The Red Bulls have struck another corporate partnership, signing a large deal with Bayer AG, one of the largest pharmaceutical firms in New Jersey.
Bayer will serve as the life sciences partner for the team, and will work with the Red Bulls to produce "community services initiatives." One example will be Bayer serving as presenting partner for the Sept. 11 New York Red Bulls match against the Chicago Fire, where 9/11 first responders and military veterans will be honored at the game.
This deal is the first major one executed under Darren Meyer, the team's newest Director of Marketing Partnerships and Premium Services. Moreover, this is the second major deal this year, following the deal signed with Yanmar.
Joshua Burd of NJBiz.com broke the news, as the Red Bulls continue to pursue expanding their corporate support. Although the deal with the Red Bulls will be the first with a Major League Soccer team, it is not their first flirtation with soccer. For those familiar with the Bundesliga, Bayer 04 Leverkusen was started by the firm in 1904 as a club for employees of the firm, and grew tremendously in the last 111 years.
"The opportunity to partner with a major sports franchise like the New York Red Bulls, that shares this dedication, is a perfect match," Raymond F. Kerins, Jr., Senior Vice President of Bayer said in a statement.
"This partnership is about working together to improve the lives of individuals across New York and New Jersey."

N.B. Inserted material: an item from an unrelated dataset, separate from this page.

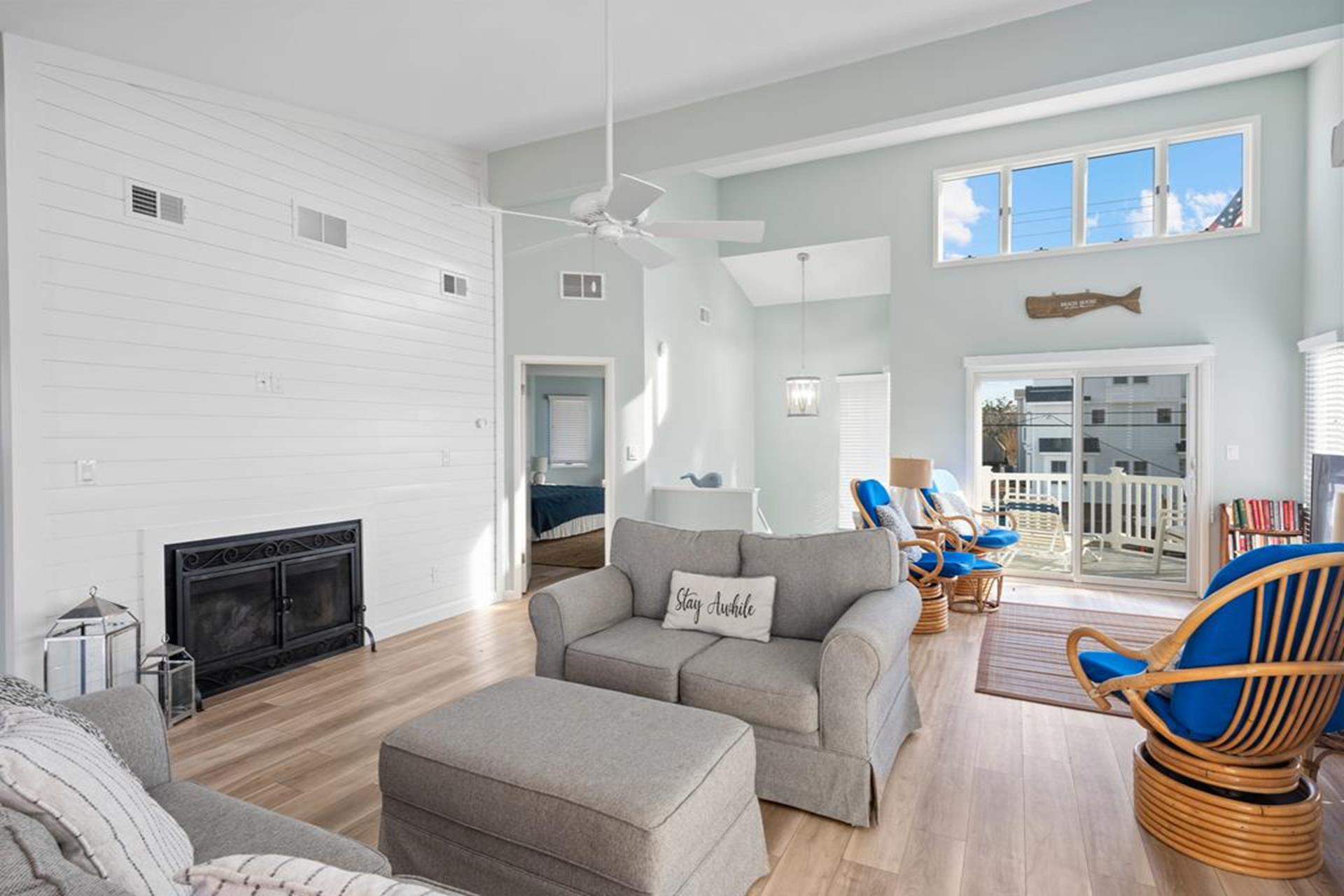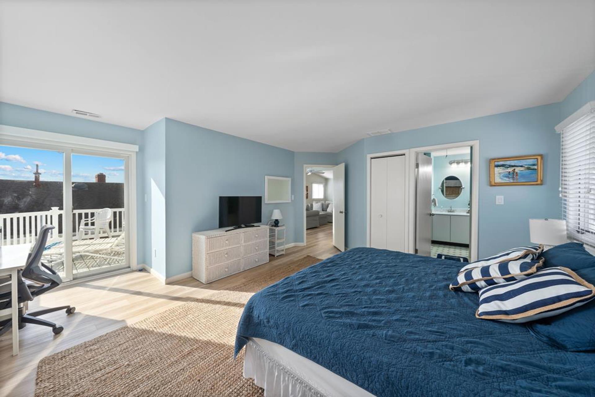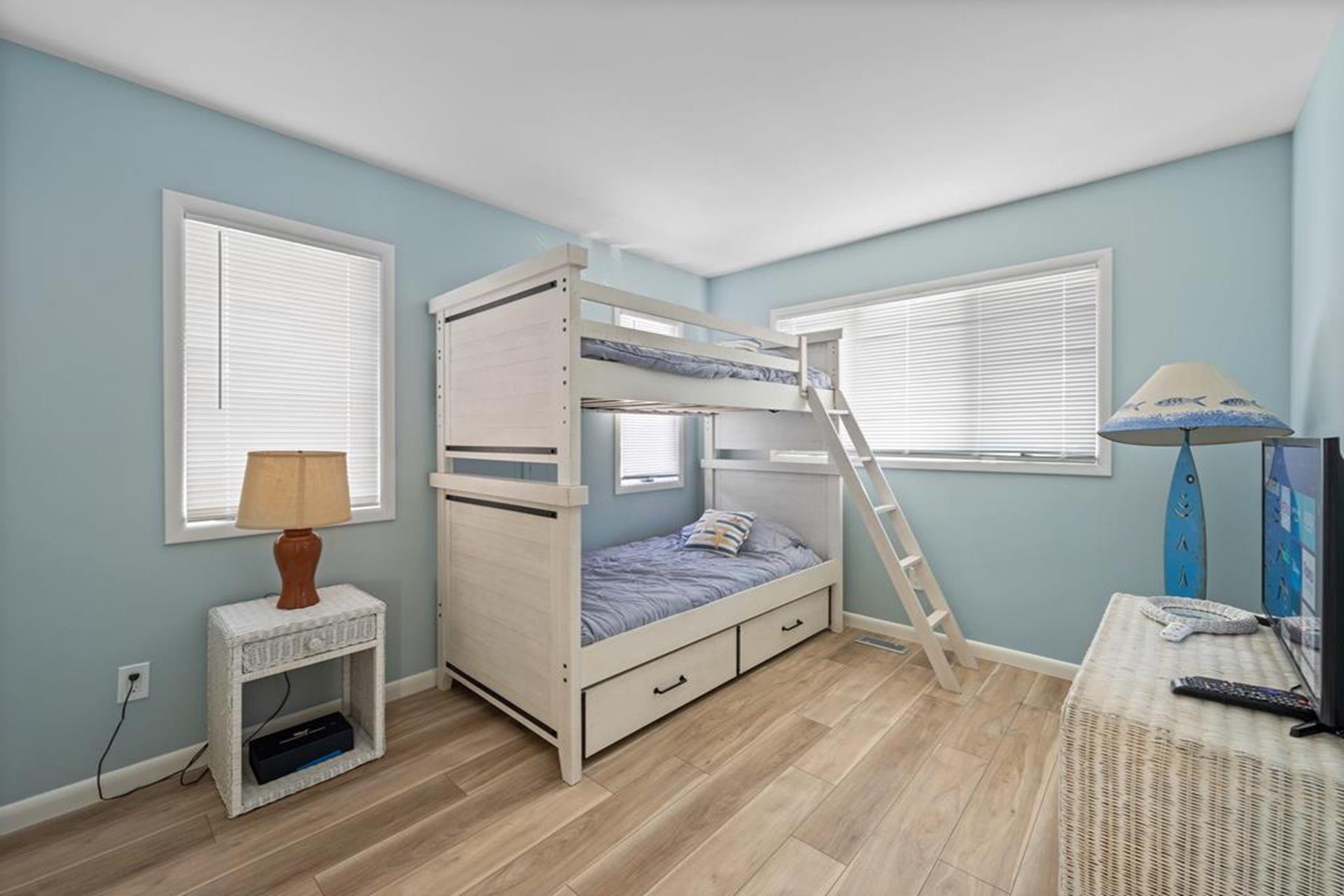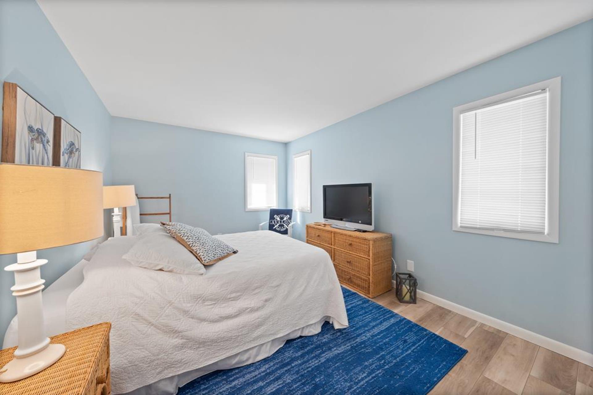 | This home is a two story, 5 bedrooms, 2.5 bath single family home in the quiet north end location. The first floor has four bedrooms: 1 room with twin beds, 1 room with a queen bed, 1 bedroom with 2 full size beds. and 1 room with twin bunk beds and a twin trundle bed. There is 1 full bath on this level. The second floor has a beautiful open floor plan with a living/dining area, kitchen, front deck, back deck, and one-half bath plus a master suite with a king bed, balcony deck and private full bath. 2 short blocks to the beach, a short bike ride to the recreation center, and four blocks to restaurants and shopping in Avalon s business district! Enjoy your morning cup of coffee on the front porch as the morning sun rises overhead. Time for a BBQ & afternoon fun after the beach? The sun filled spacious yard and back patio is an ideal spot to lounge in the warm sun and ocean breezes. Enjoy time with family and friends inside or outside w/corn hole, bocce ball, and more! A perfect kid friendly home for your next vacation, convenient to everything!!! Park your car and don t move it until it is time to go home. |

This foray into more business deals stemming from Marc de Grandpre's campaign to fill up the luxury suites at the Arena with more business partners. As of March 2015, 22 of the 32 boxes are occupied by big New Jersey firms. The strides made in this aspect of the game is remarkable, but it could seem that these deals stem from a sense of urgency.
Rumors have been spun around that the team's budget has been tightening since the departure of Thierry Henry and Tim Cahill, coupled with the fact the team lacks an MLS Cup. As of the last several years, the New York Red Bulls had quite a large budget, regarding salaries, but this year they're on the opposite polar end of the spectrum.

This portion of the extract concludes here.